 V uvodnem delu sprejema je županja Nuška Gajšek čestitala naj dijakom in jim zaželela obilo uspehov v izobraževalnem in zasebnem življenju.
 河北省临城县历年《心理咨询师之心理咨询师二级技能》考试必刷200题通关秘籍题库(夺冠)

-------------------------

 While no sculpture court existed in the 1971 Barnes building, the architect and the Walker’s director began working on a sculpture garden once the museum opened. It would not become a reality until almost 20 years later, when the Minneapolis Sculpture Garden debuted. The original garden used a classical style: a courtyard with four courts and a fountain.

-------------------------

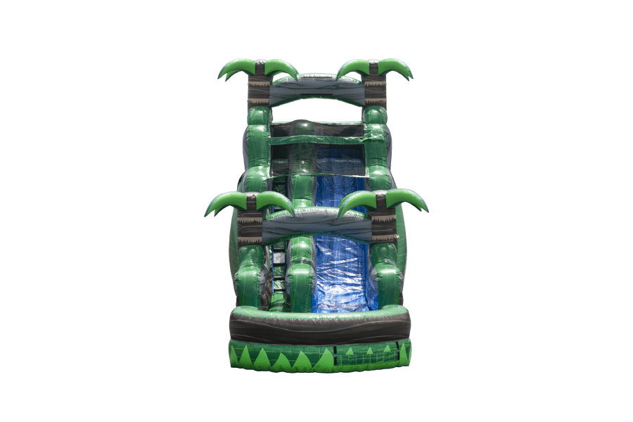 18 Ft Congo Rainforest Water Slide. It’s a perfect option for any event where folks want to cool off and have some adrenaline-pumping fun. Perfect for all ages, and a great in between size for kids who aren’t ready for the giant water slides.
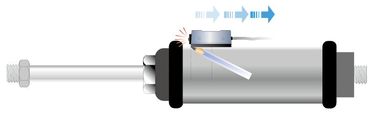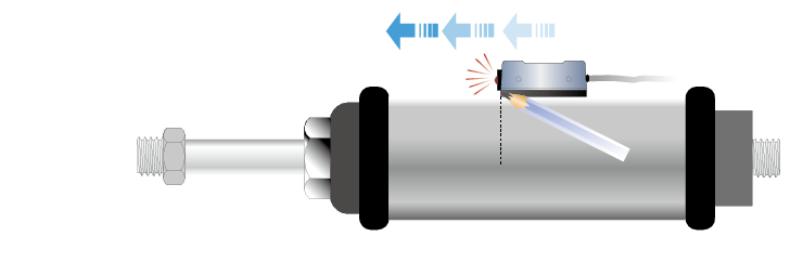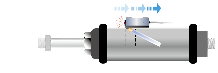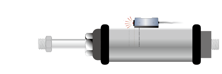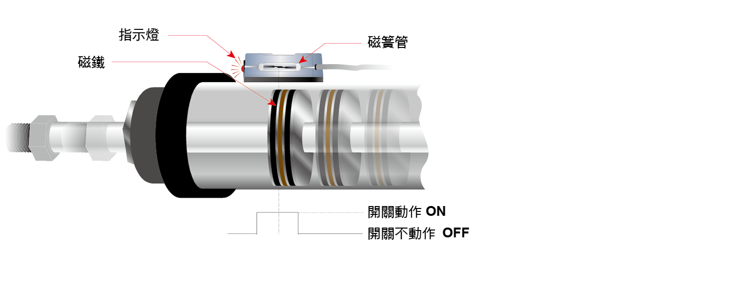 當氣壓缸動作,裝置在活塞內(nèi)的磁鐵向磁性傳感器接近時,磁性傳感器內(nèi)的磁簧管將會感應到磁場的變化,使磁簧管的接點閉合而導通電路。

-------------------------

### WHAT YOU ARE ASKED TO DO
Copy the lines above exactly, starting at the one with "18 Ft Congo" and ending at the one with "當氣壓缸動作,裝置在活塞內(nèi)的磁", both included. Leave out any pictures and add nothing else.

### YOUR SOLUTION
 18 Ft Congo Rainforest Water Slide. It’s a perfect option for any event where folks want to cool off and have some adrenaline-pumping fun. Perfect for all ages, and a great in between size for kids who aren’t ready for the giant water slides.
 當氣壓缸動作,裝置在活塞內(nèi)的磁鐵向磁性傳感器接近時,磁性傳感器內(nèi)的磁簧管將會感應到磁場的變化,使磁簧管的接點閉合而導通電路。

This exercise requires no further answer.